Unnamed: 0,geometry,neighborhoodLive,otherNeighborhood,shapeID,yearsLived
0,"POLYGON ((311834.6421283125 77460.83003325062,...",Allerton,,259,2
1,"POLYGON ((311305.0904452928 78317.74772849762,...",Allerton,,298,0
2,"POLYGON ((311189.369271409 78288.7412321083, 3...",Allerton,,5964,2
3,"POLYGON ((311199.2696228614 77331.72545917239,...",Allerton,,59957,15
4,"POLYGON ((311137.8304619553 78879.66082990178,...",Allerton,,61660,1


In [281]:
# Firstly, let's create a new field and initialise it with the 'neighborhoodLive' values.
ny_nhoods['nhood'] =  ny_nhoods['neighborhoodLive']

In [282]:
# Now update the Williamsburg Williamsbridges.
ny_nhoods.loc[(ny_nhoods['neighborhoodLive'] == "Williamsbridge") & (ny_nhoods['geometry'].centroid.bounds['maxy'] < 70000),'nhood'] = "Williamsburg"

In [283]:
Other = ny_nhoods[ny_nhoods['neighborhoodLive'] == "Other"]

In [284]:
# Construct a manual lookup to recode misspelling and pre-existing names
recode = {'Alphabet City': 'Alphabet City','Alphabet city':'Alphabet City', 'alphabet city':'Alphabet City',
          'Bath Beach':'Bath Beach','Bath beach ':'Bath Beach', 'Beechhurst':'Beechhurst',
          'Belle Harbor ':'Belle Harbor', 'Bensonhurst': 'Bensonhurst','Boerum Hill': 'Boerum Hill',
          'Central Harlem':'Central Harlem','Clinton':'Hell\'s Kitchen / Clinton','Concourse':'Concourse',
          'Crown Heights':'Crown Heights','Flushing':'Flushing','Forte george':'Fort George','Gerritsen beach':'Gerritsen Beach',
          'Gowanus':'Gowanus','Greenwood Heights':'Greenwood Heights','Hudson Heights':'Hudson Heights',
          'Hells Kitchen':'Hell\'s Kitchen / Clinton', 'Inwood': 'Inwood','Inwood Manhattan':'Inwood',
          'Kensington':'Kensington', 'Kew Gardens':'Kew Gardens','Kips Bay':'Kips Bay', 'Mahattam Valley':'Manhattan Valley',
          'Marble Hill':'Marble Hill','Marine Park':'Marine Park','Marine park ':'Marine Park','Midland beach':'Midland Beach',
          'Midtown east':'Midtown East','Midwood ':'Midwood','NoMad':'NoMad','Peter Cooper Village':'Stuyvesant Town',
          'Peter Cooper Village Stuyvesant Town':'Stuyvesant Town','ProspectLefferts Garden':'Prospect-Lefferts Gardens',
          'SoundView':'Soundview','South ozone park':'South Ozone Park','South slope':'South Slope ','St George':'St. George',
          'st George ': 'St. George','Stuyvesant Town ':'Stuyvesant Town','They call it Flatiron but its not':'Flatiron',
          'Thuglaston':'Douglaston','Windsor terrace':'Windsor Terrace','bedstuy':'Bedford-Stuyvesant',
          'carnegie hill':'Carnegie Hill','central harlem':'Central Harlem','little italy':'Little Italy',
          'nomad':'NoMad','riverdale':'Riverdale','upper west side':'Upper West Side','woodlawn':'Woodlawn',
          'Mahattam Valley':'Manhattan Valley', 'Seaport':'South Street Seaport','University heights':'University Heights',
         'Saint Albans': 'St. Albans'}

print "Recoded drawings:", Other[Other['otherNeighborhood'].isin(recode.keys())].count()[0]

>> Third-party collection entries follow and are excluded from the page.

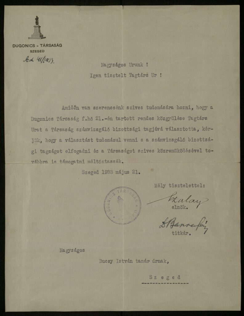 - A Társaság Dugonics szobros emblémájú 1933 május 21-én iktatott gépírású levelében Banner János titkár és Szalay József elnök így ír Nagyapámnak: „Amidőn van szerencsénk szíves tudomására hozni, hogy a Dugonics Társaság f. hó 21-én tartott rendes közgyűlése Tagtárs Urat a Társaság számvizsgáló Bizottsági tagjává választotta.” A Nagyságos Bucsy István tanár úr megszólítással a korabeli elnevezéssel igazgatósági tag, vagyis a mai értelemben vezetőségi tag lett, ami bizony igen megtisztelő dolog volt abban az időben. A levél külleme esztétikai szempontból is szép.
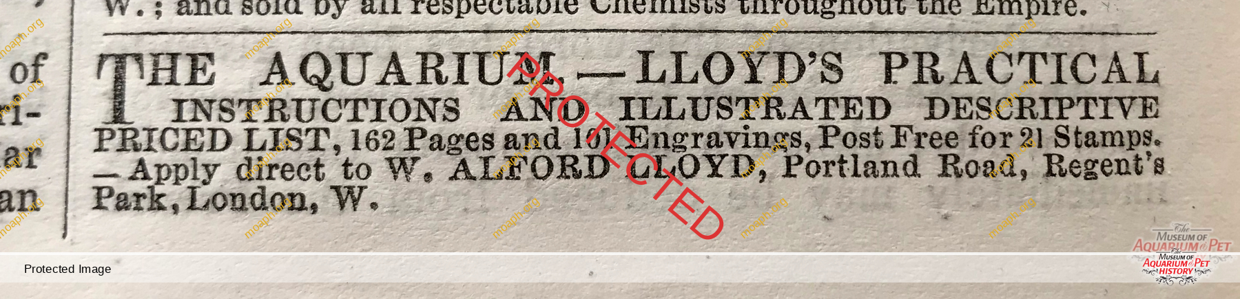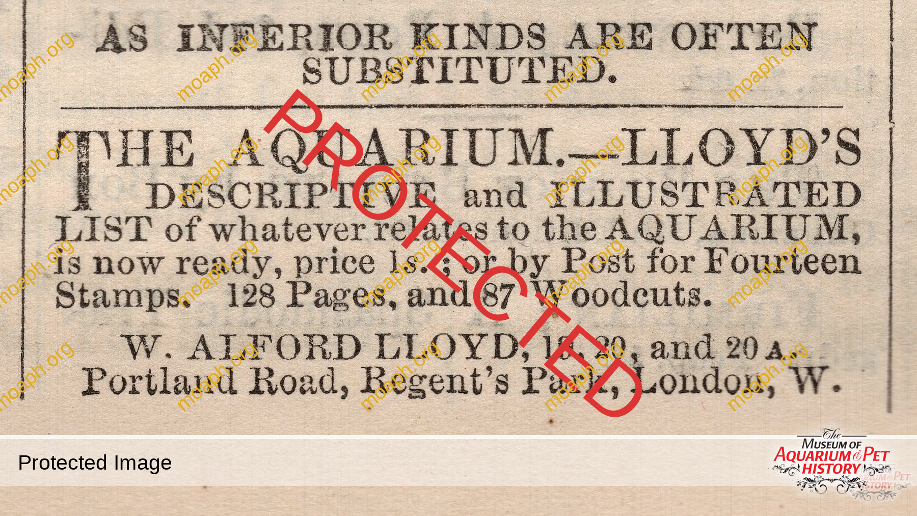 In order to increase sales and reputation, in 1856 Lloyd assembled a basic price list for his customers, followed by a second list a year later. The true masterpiece arrived though in August 1858, “A List, with Descriptions, Illustrations, and Prices, of whatever relates to Aquaria”, the father of all aquarium catalogs and price lists.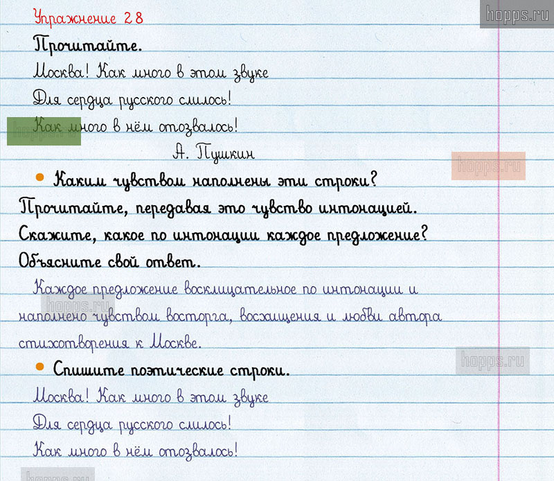 Подробные ответы к 28 упражнению 1 части учебника по русскому языку авторов В.П. Канакина, В.Г. Горецкий для учащихся 3 класса. Предложение.
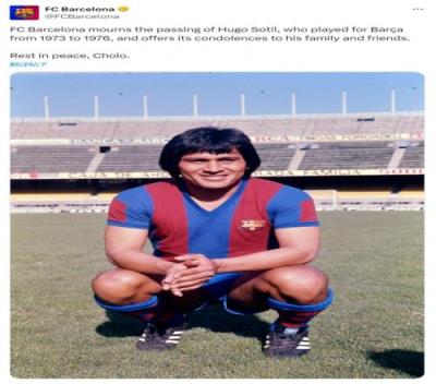 巴萨官方社媒晒出索蒂尔效力球队时期的照片,并写道:“巴塞罗那足球俱乐部对1973年至1976年效力于巴萨的雨果-索蒂尔的逝世表示哀悼,并向他的家人和朋友致以慰问。安息吧,乔洛(索蒂尔)。”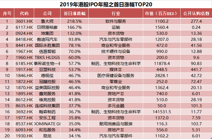 如果按照首日收盘涨幅来排序,那么在2019年新股中的涨幅之王当属软件股鲁大师了,首日收盘涨幅高达218%,一天翻两倍!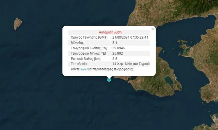 Σεισμός έγινε πριν από λίγο στην Λέσβο. Ο σεισμός σύμφωνα με την αυτόματη λύση του Γεωδυναμικού Ινστιτούτου είχε μέγεθος 3,4 Ρίχτερ και έγινε 14 χιλιόμετρα ΝΝΑ του Σιγριού.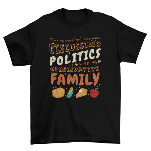 Awesome anti-thanksgiving t-shirt design featuring different Thanksgiving typical foods and the quote “Time to stuff my face while discussing politics with my conservative family”.
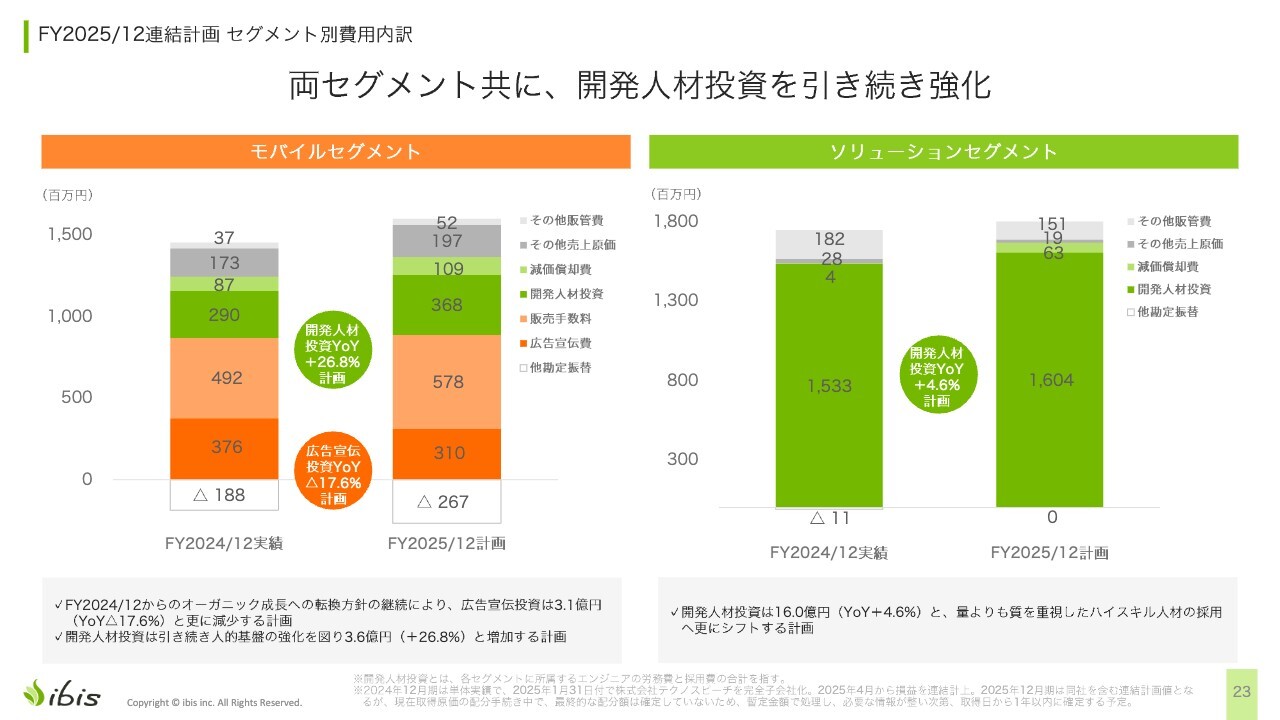 コストの計画についてです。モバイルセグメントは開発人員の増加によりコストが増加する一方で、広告費がやや減少しています。ソリューションセグメントでは開発人員のコストがやや増加しています。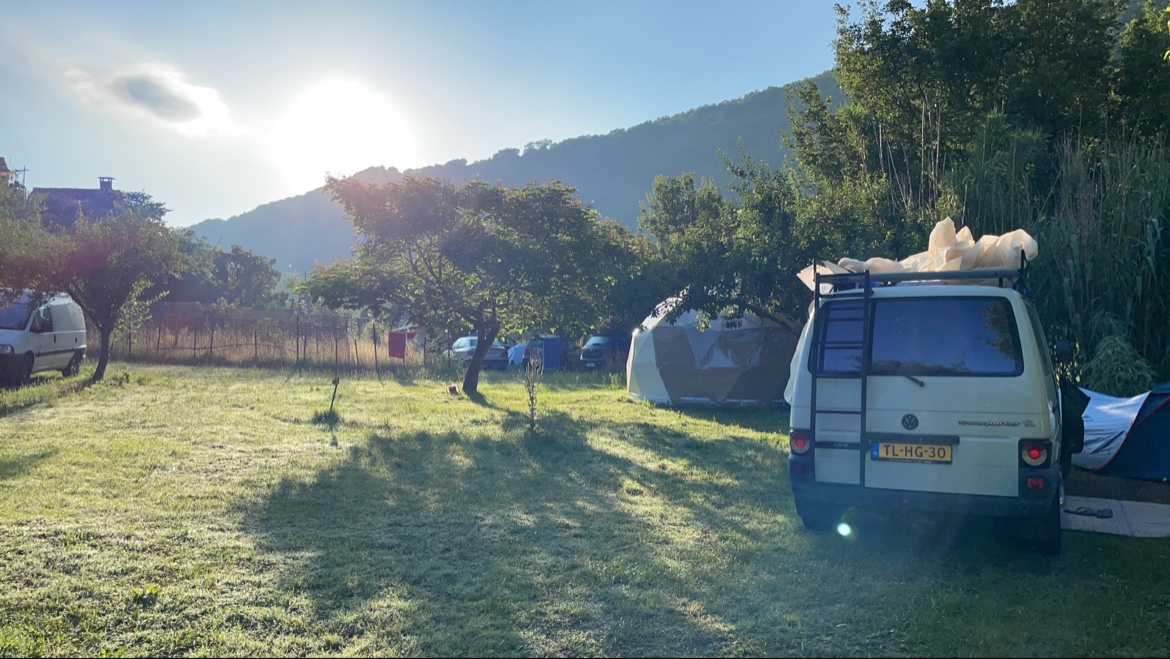 Vraiment super camping avec « propre » accès à la rivière. Nous sommes venus sans nous inscrire et on nous a immédiatement donné une place pour nos tentes. Le camping offrait des emplacements ombragés entre les arbres et nous étions libres de choisir. Nous n'avons pas eu besoin d'un raccordement à l'électricité ou à l'eau pour une nuit. Les sanitaires étaient soignés et propres. Les installations sont bonnes pour un camping. Seul l'accès en pente pourrait constituer un défi pour les conducteurs inexpérimentés (pour les voitures avec caravanes). Nous n'avons eu aucun problème avec les motos... Les hôtes étaient super sympas et la gamme de plats préparés était très bonne. Le soir, nous avons eu un plateau de produits locaux (saucisses, fromages, etc. - également disponibles en veggi) et des gaufres maison avec de la confiture spécialement préparée. Le petit déjeuner était également très bon. L'endroit est très cosy, vous pouvez donc passer la nuit ensemble en plein air avec une bouteille de vin :-) Si le hasard nous ramène dans la région, nous reviendrons avec plaisir.

# Recode the 'nhood' field to reflect pre-existing 'Other' neighborhoods
for i in recode.keys():
    # Recode in main dataset
    ny_nhoods.loc[ny_nhoods['otherNeighborhood']==i,'nhood'] = recode[i]
    # Remove from consideration in other dataset
    Other = Other[Other['otherNeighborhood'] != i]

Recoded drawings: 62


In [285]:
# Remove comments and empty, invalid, or inappropriate values.
# Includes neighborhoods in Nassau or Westchester Counties, and New Jersey State. 
exclude = ['','a','Durham NC','Stockholm','My neighborhood','Five Towns','Poop','Fleetwood',
           'manhasset','garden city park','Kearny','New Amsterdam','No Mans Land','Yonkers',
           'Elmont','Valley Stream','Malverne','Journal Square','Great neck','Edgewater',
           'Rebeca','Hoboken ','Im just curios','hi','Great Neck','Highland Park Minnesota',
           'Paulus Hook','Wanker','Where I want to live','Floral park','My House','Hoboken',
           'uaBBar','Hempstead','just want to see map','Rockville Centre','No name',
           'Downtown Jersey City','dick butt','Dickbutt','Harsimus Cove','Crestwood','Los Angeles',
          'Floral Park','Carteret','Cedarhurst','Great Neck ','Five towns','Remsen Village',
          'Floral park ','Oceanside','Bergen Square','West New York']

print "Deleted Drawings:",Other[Other['otherNeighborhood'].isin(exclude)].count()[0]
# Remove from Other Dataset
Other = Other[~Other['otherNeighborhood'].isin(exclude)]
# Remove from main dataset
ny_nhoods = ny_nhoods[(~((ny_nhoods['neighborhoodLive']=='Other') & (ny_nhoods['otherNeighborhood'].isin(exclude))))]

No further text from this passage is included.